Task description: In the entries below, begin at the line with "Este micrófono incluye" and stop after the line with "Ingredients: Chlorella and"; output those lines exactly and omit the pictures.

(Dataset records)
————
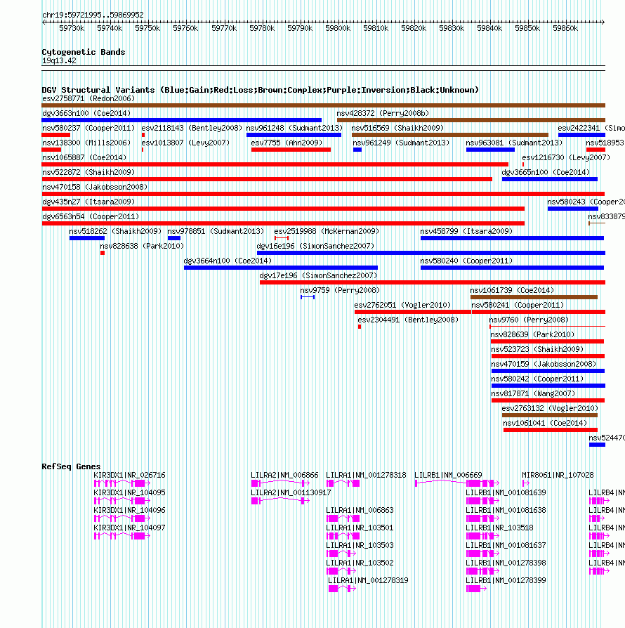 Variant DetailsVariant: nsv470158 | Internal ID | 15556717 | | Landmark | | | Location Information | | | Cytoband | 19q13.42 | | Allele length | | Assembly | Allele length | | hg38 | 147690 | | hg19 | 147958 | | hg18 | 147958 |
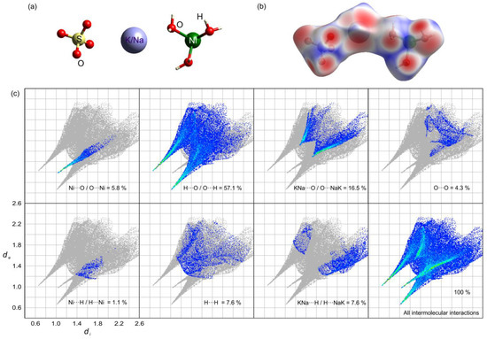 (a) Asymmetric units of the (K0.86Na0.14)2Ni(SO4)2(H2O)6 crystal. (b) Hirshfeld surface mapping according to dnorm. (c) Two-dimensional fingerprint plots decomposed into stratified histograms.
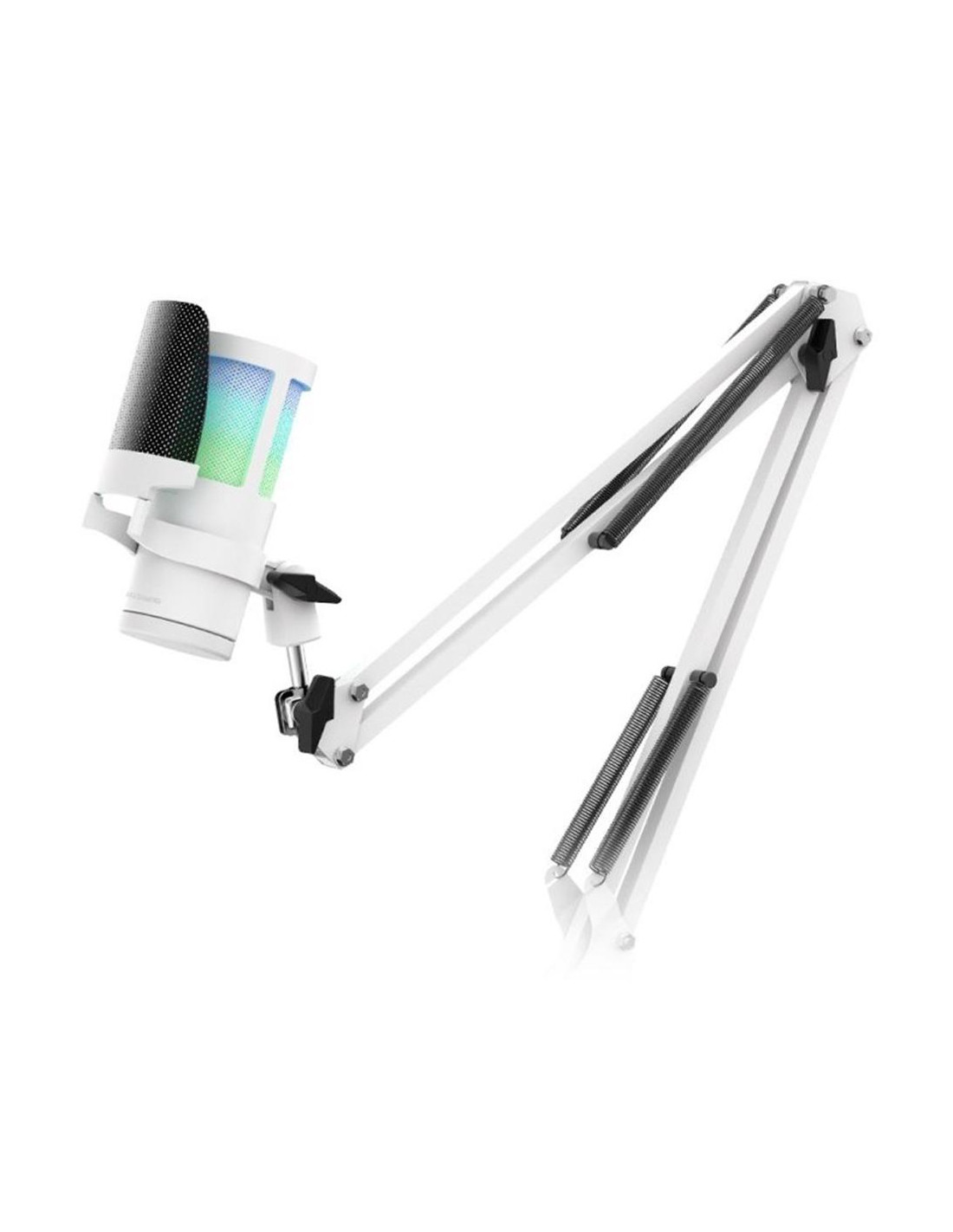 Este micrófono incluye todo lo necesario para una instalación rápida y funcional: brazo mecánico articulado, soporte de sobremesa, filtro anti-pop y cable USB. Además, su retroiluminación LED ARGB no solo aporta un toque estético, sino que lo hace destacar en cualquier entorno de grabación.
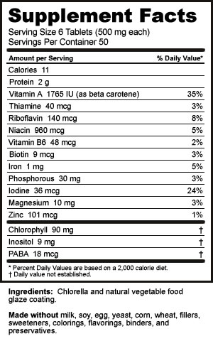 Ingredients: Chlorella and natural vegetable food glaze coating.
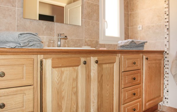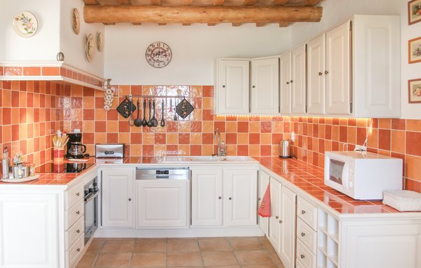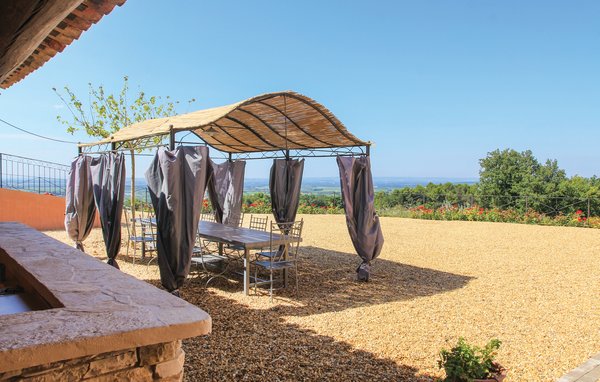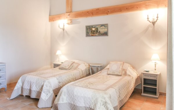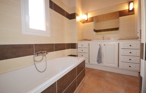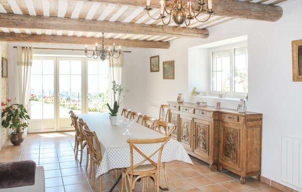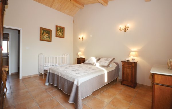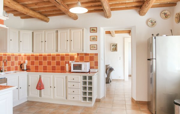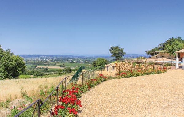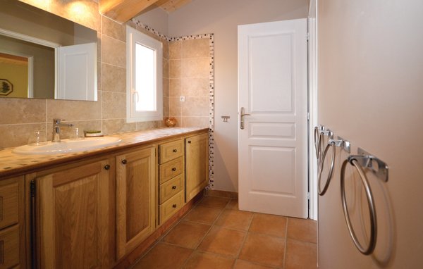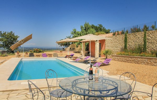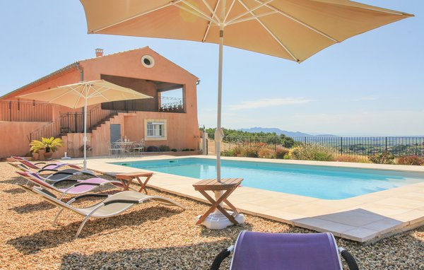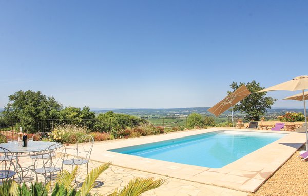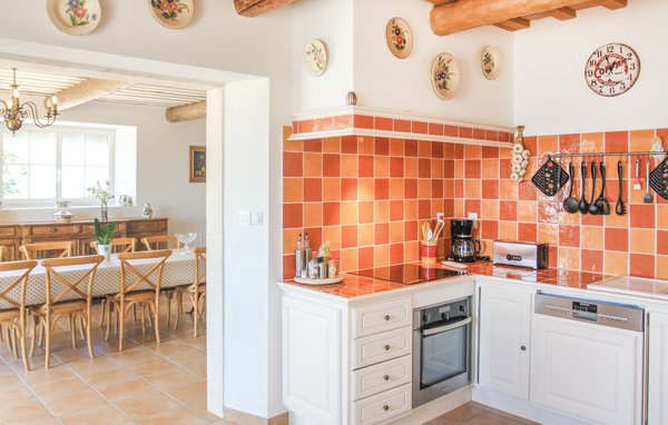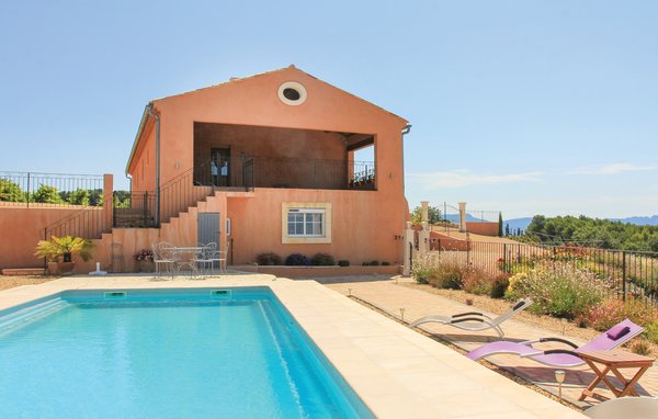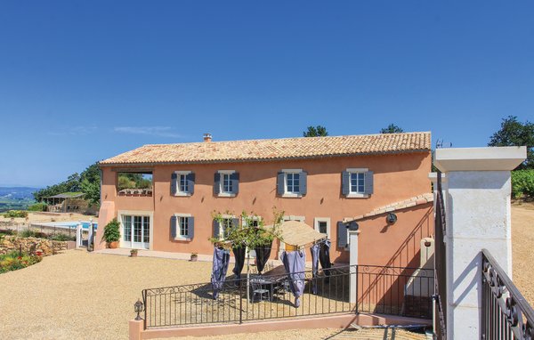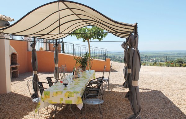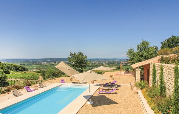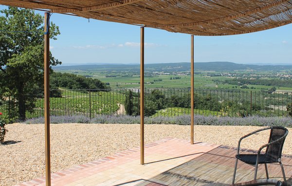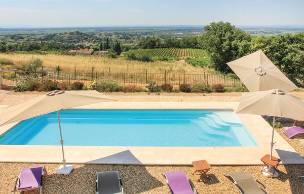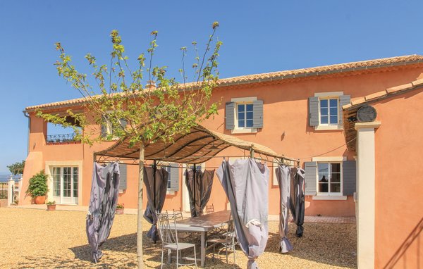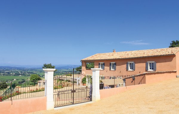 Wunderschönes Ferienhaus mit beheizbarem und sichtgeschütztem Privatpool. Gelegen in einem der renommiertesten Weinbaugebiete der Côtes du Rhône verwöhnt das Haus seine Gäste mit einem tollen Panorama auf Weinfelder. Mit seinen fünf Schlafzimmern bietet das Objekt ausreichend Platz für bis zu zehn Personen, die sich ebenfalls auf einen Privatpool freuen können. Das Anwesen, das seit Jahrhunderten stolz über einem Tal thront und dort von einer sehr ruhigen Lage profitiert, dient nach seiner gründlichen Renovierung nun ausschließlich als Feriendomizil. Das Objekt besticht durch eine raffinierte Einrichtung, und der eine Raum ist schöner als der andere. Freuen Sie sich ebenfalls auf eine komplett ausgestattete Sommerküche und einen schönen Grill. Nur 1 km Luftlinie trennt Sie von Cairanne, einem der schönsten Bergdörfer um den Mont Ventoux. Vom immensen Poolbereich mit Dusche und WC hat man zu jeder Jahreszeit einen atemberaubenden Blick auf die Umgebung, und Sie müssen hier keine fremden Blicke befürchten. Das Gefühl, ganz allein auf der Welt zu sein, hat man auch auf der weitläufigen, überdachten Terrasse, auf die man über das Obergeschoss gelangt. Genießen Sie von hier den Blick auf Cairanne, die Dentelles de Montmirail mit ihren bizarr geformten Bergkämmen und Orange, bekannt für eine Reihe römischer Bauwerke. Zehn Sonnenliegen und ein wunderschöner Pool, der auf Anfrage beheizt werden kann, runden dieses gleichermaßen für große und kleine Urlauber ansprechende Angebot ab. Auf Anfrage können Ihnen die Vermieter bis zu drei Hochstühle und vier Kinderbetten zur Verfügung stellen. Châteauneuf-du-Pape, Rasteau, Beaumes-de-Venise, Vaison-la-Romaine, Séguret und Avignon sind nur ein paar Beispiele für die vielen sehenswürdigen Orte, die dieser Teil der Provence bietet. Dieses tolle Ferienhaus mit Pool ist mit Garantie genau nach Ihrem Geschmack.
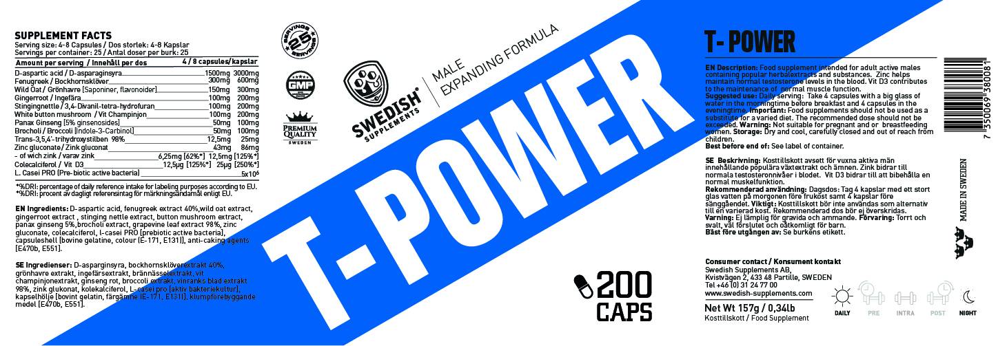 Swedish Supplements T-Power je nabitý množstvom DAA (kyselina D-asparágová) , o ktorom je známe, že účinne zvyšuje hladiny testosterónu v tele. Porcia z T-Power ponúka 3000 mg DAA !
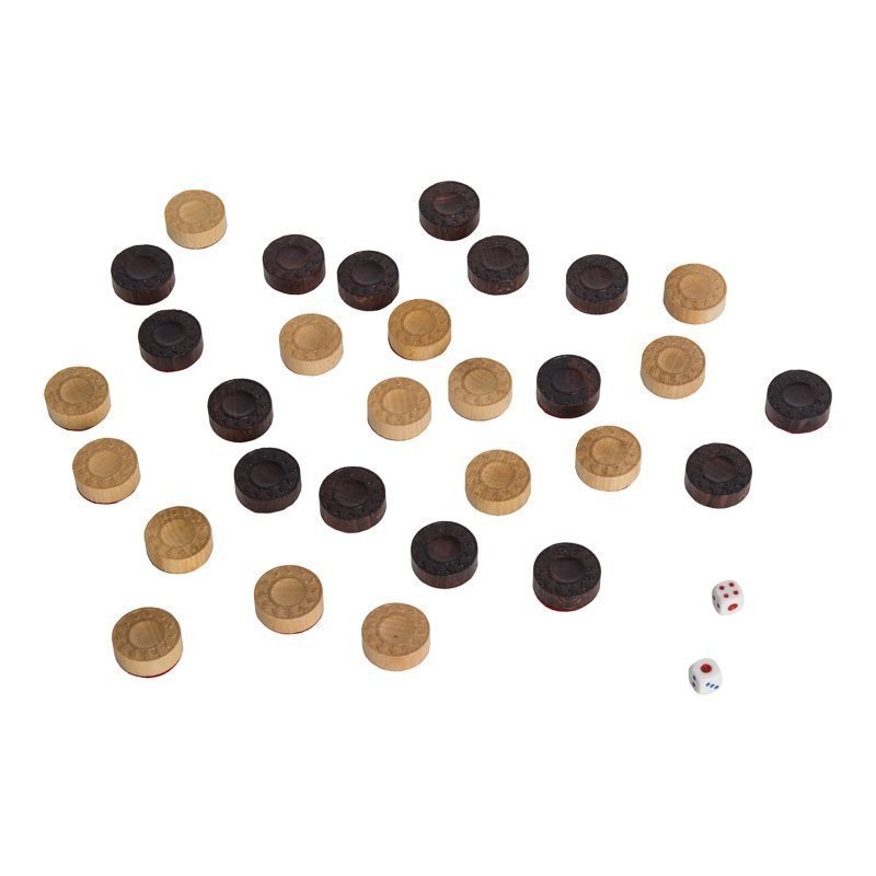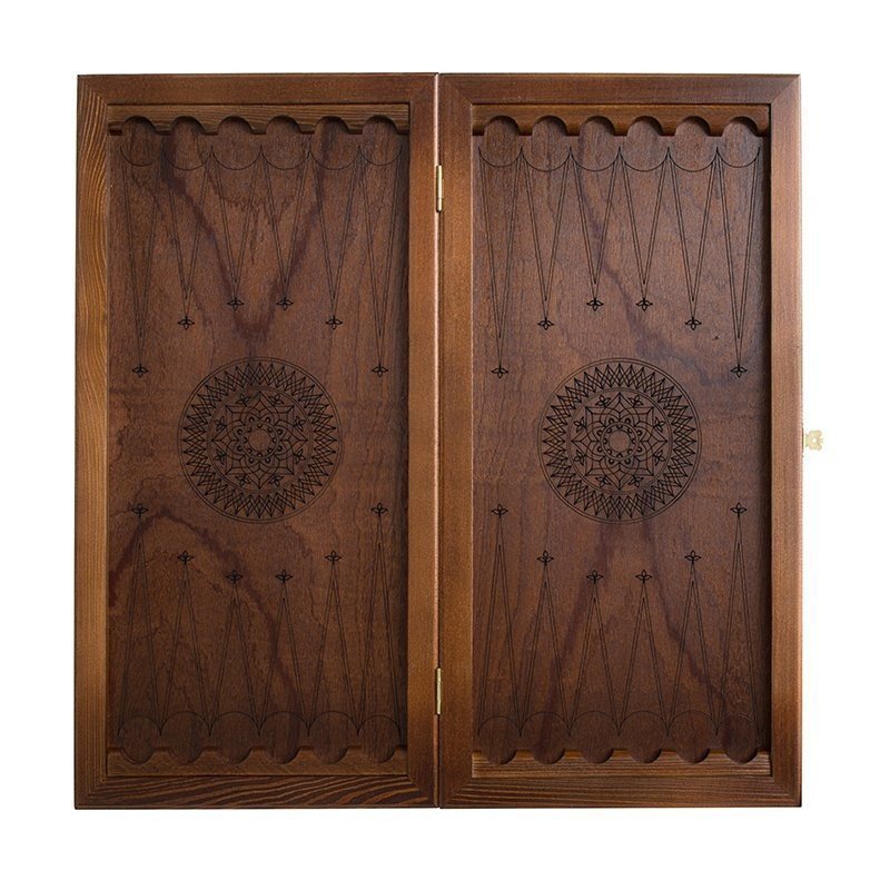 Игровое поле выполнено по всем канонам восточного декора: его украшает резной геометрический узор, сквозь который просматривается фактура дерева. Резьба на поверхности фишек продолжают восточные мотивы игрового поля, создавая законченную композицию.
————
Response to the exercise:
 Este micrófono incluye todo lo necesario para una instalación rápida y funcional: brazo mecánico articulado, soporte de sobremesa, filtro anti-pop y cable USB. Además, su retroiluminación LED ARGB no solo aporta un toque estético, sino que lo hace destacar en cualquier entorno de grabación.
 Ingredients: Chlorella and natural vegetable food glaze coating.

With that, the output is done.